Mr Midgley says foreign buyers sending money from abroad must be registered with the central bank of Brazil. Also, recruitment of a reputable property lawyer and estate agent is crucial in terms of advice and guidance through the process.
Mr Seale recommends Rio as a good location to invest as “there will always be someone interested in buying it”.
“We have recently sold three- bedroom apartments in Ipanema for under $400,000, with mainly Europeans snapping up the bargains found in older style apartments that may require some work – such as no private garage and some stairs to walk up,” he adds. “Europeans value the character of older architecture, while Brazilians prefer newer, more recent constructions, so apartments in older buildings can make fantastic investments if buyers are willing to spend on renovation.”
He adds that Rio has particular idiosyncrasies that mean buyers must engage an agent who knows the local market intimately.
“Prices of particular blocks can vary significantly from street to street, as fussy locals simply prefer some to others.
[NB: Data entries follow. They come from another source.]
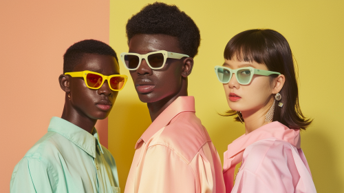 an asian young male, a black young woman, white young male, with an asian young woman stand straight on in an upright pose looking at camera wearing modern straight edged styled sunglasses with a summer coloured inspired gradien background, inspired by Wes Anderson, wearing lightly coloured complimentary pastel colour clothing, fashion photography, realistic, high definition, subjects positioned to the right of the frame --ar 16:9 --style raw --v 6.0
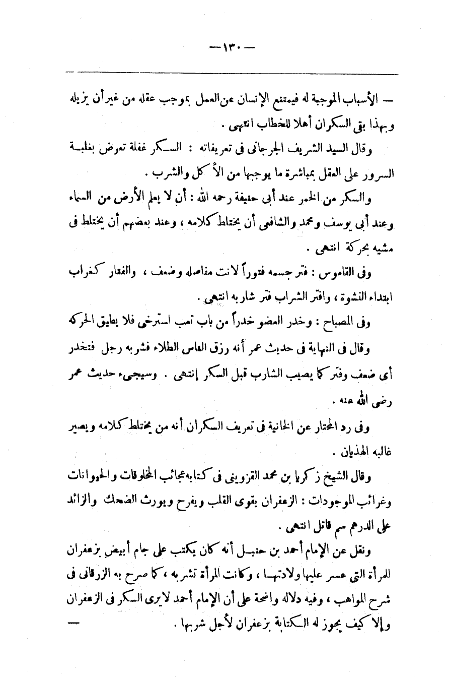 وَنُقِلَ عَنْ الْإِمَام أَحْمَد بْن حَنْبَل أَنَّهُ كَانَ يَكْتُب عَلَى جَام أَبْيَضَ بِزَعْفَرَانٍ لِلْمَرْأَةِ الَّتِي عَسُرَ عَلَيْهَا وِلَادَتهَا ، وَكَانَتْ الْمَرْأَة تَشْرَبهُ ، كَمَا صَرَّحَ بِهِ الزُّرْقَانِيّ فِي شَرْح الْمَوَاهِب ، وَفِيهِ دَلَالَة وَاضِحَة عَلَى أَنَّ الْإِمَام أَحْمَد لَا يَرَى السُّكْر فِي الزَّعْفَرَان وَإِلَّا كَيْف يَجُوز لَهُ الْكِتَابَة بِزَعْفَرَانٍ لِأَجْلِ شُرْبهَا .@
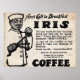Cette impression pour la marque Iris Coffee était une publicité réelle qui est apparue dans le Los Angeles Herald en 1910 et a été numériquement restauré. Il mesure 16" par 12" et peut être agrandi à 20" par 24" et est présenté ici sur le papier d'affiche. Il est recommandé de passer au papier mat lourd en cas d'encadrement. L'annonce indique - Premier appel au petit-déjeuner - IRIS - Personne n'attend le "deuxième, troisième ou dernier appel au petit-déjeuner", où le premier appel annonce "Iris Coffee". Une tasse de café Iris est trop bonne pour prendre des chances de manquer. Pound Tins 40c. - Tins de 3 livres 1,00 $ - Vendu par tous les bons épiciers - Rôti à Los Angeles - Haas Baruch & Co.. — Cette impression serait un grand mur accroché dans n'importe quel café, bistrot, café, comptoir expresso ou toute entreprise qui vend ou rôti du café.
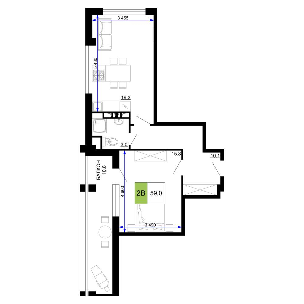 55.4 м2
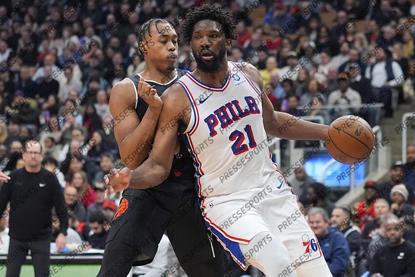 Jan 12, 2026; Toronto, Ontario, CAN; Philadelphia 76ers center Joel Embiid (21) drives to the net against Toronto Raptors guard Scottie Barnes (4) during the first half at Scotiabank Arena. Mandatory Credit: John E. Sokolowski-Imagn Images NBA: Philadelphia 76ers at Toronto Raptors
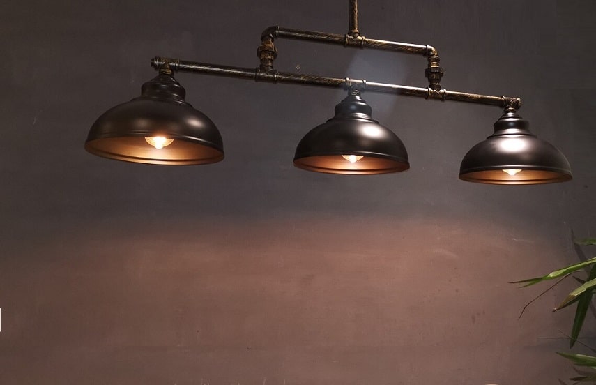 Industrial Style Metal Pipes Light With 3 Metal Shades
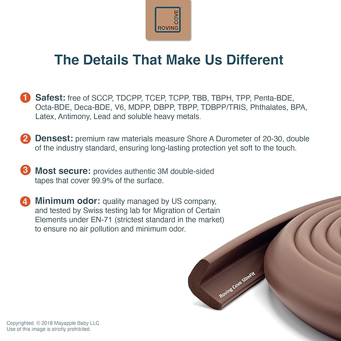 • CLEAN SAFETY: Roving Cove uses safe and pure raw material and was the first brand to make foam safety bumpers without the use of toxic flame-retardant chemicals (SCCPs). Our edge protector cushion contains no BPA, no phthalates, no heavy metals, no latex, no SCCPs. Inherently flame-resistant; passed flammability tests under US regulations.
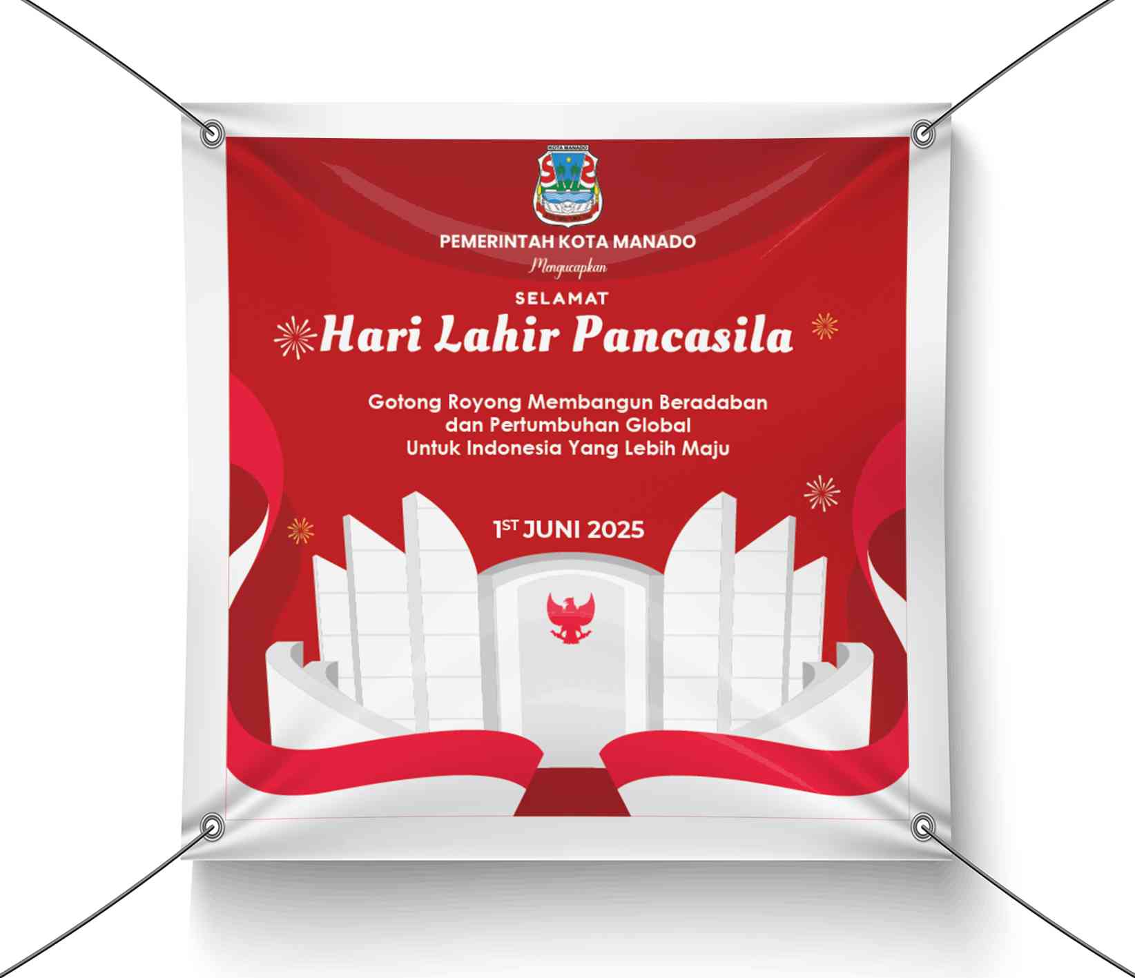 Banner ini memperingati Hari Lahir Pancasila pada tanggal 1 Juni 2025 dengan tema Bhinneka Tunggal Ika, yang menekankan persatuan dalam keberagaman ba...
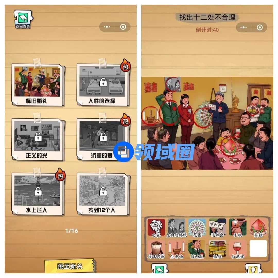 《找茬英雄》是一款益智解谜类小游戏,该游戏玩法与此前大热的那批解谜产品类似,玩家需要在关卡画面中,找出不和谐的元素,这些元素可能与画面主题相关,可能和年代相关,因此十分考验玩家眼力。该游戏来势汹汹,今日(8月14日)一度冲上了微信人气榜魁首。
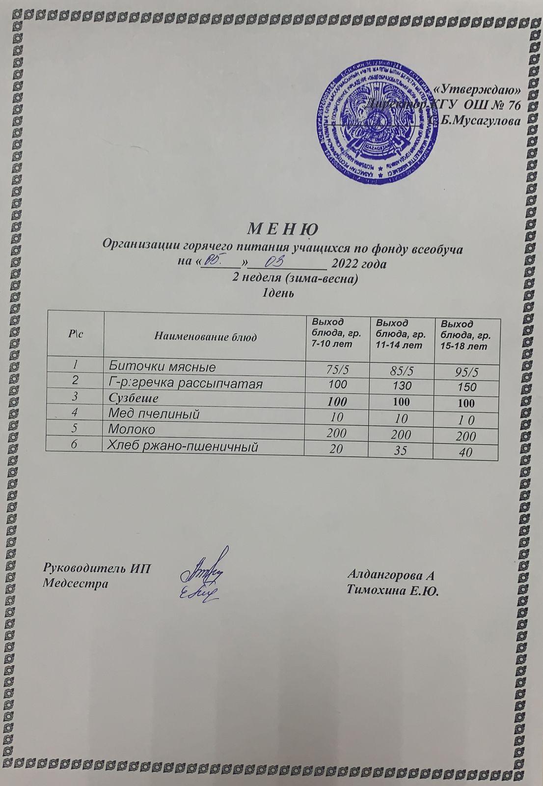 05 март 2022 0 1 2 3 4 5 Жалпы білім беру бойынша ыстық тамақтың күнделікті мәзірі 2 апта (қыс-көктем) 1 күн, Ежедневное меню горячего питания по всеобучу 2 неделя (зима-весна) 1 день
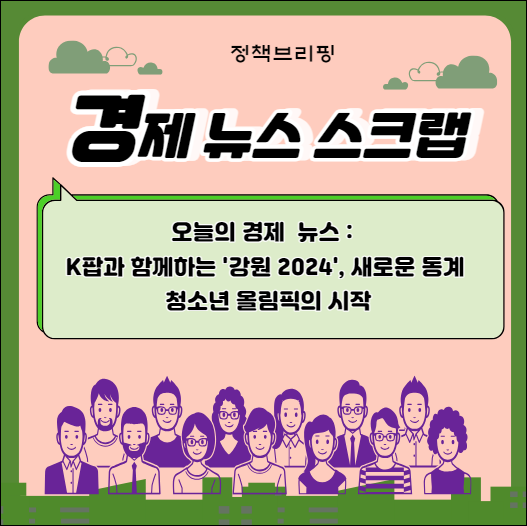 강원 2024, 청소년이 주인공인 동계 청소년올림픽이 1월 19일 개막합니다. 전 세계 79개국의 1803명의 청소년 선수들이 참가해 14일간의 경기를 펼칩니다. 이 대회는 승패보다는 청소년들이 스포츠를 통해 꿈을 키우고, 우정을 나누는 것을 목표로 합니다. 다양한 문화행사와 함께 대회를 찾은 관람객들에게 즐거움을 선사한다는 계획입니다.
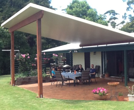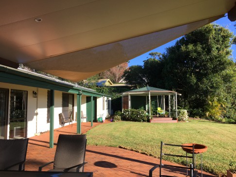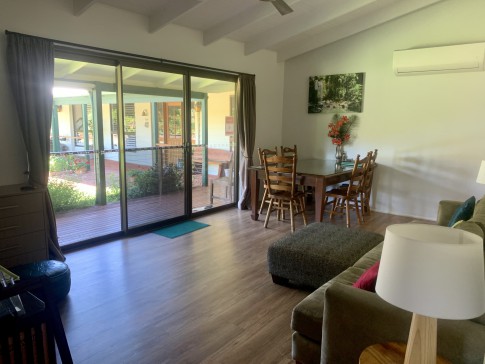 A private 75 meter driveway past trees and gardens brings you to our home which is a comfortable modern design with large open lounge dining kitchen area looking out onto covered patio with views forever over rain forest and hills. Bedrooms run off this area including a seperate family room surrounded by verandas on all sides.
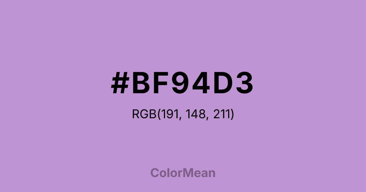#BF94D3 RGB value is (191, 148, 211). The hex color red value is 191, green is 148, and blue is 211. Its HSL format shows a hue of 281°, saturation of 42 percent, and lightness of 70 percent. The CMYK process values are 9 percent, 30 percent, 0 percent, 17 percent.

The ultimate purchase is an investment that appeals to foreigners as well as locals and other Brazilians buying and renting in Rio,” he advises.
“Properties anywhere on the beach are assets that rarely fall in price and can be difficult to source. There are some deals to be found, but small beachfront apartments are currently priced at around $1.7m and the prices in general haven’t dropped off much during the downturn.”
For investors looking for a bargain, Brazil has a lot more to offer than just Rio, says Mr Midgley.
“We have sold lots of property in other beautiful tourism hot spots towards the north of Brazil, which offers a calmer lifestyle than the big cities.”
Mr Smith urges caution. “If you make this choice, be prepared for hard work,” he says. “It is ultimately a third world country and many things don’t run smoothly. We found it useful to use expat forums to get feedback on specific locations, agents and developers and there is no harm calling any Brazilians you know for their opinions.”
Rental yields in Brazil
Yields range from 3 per cent to 7 per cent, depending on whether apartments are rented long- or short-term, as of November last year.
Rio de Janeiro
Average yield: 3.6 per cent for a 200 square metre flat, which typically costs US$857,400.
Average yield: 6.4 per cent for a 200 square metre flat, which typically goes for $495,400.
Barra da Tijuca
Average yield: 3.8 per cent for a 200 square metre flat, which typically goes for $604,600.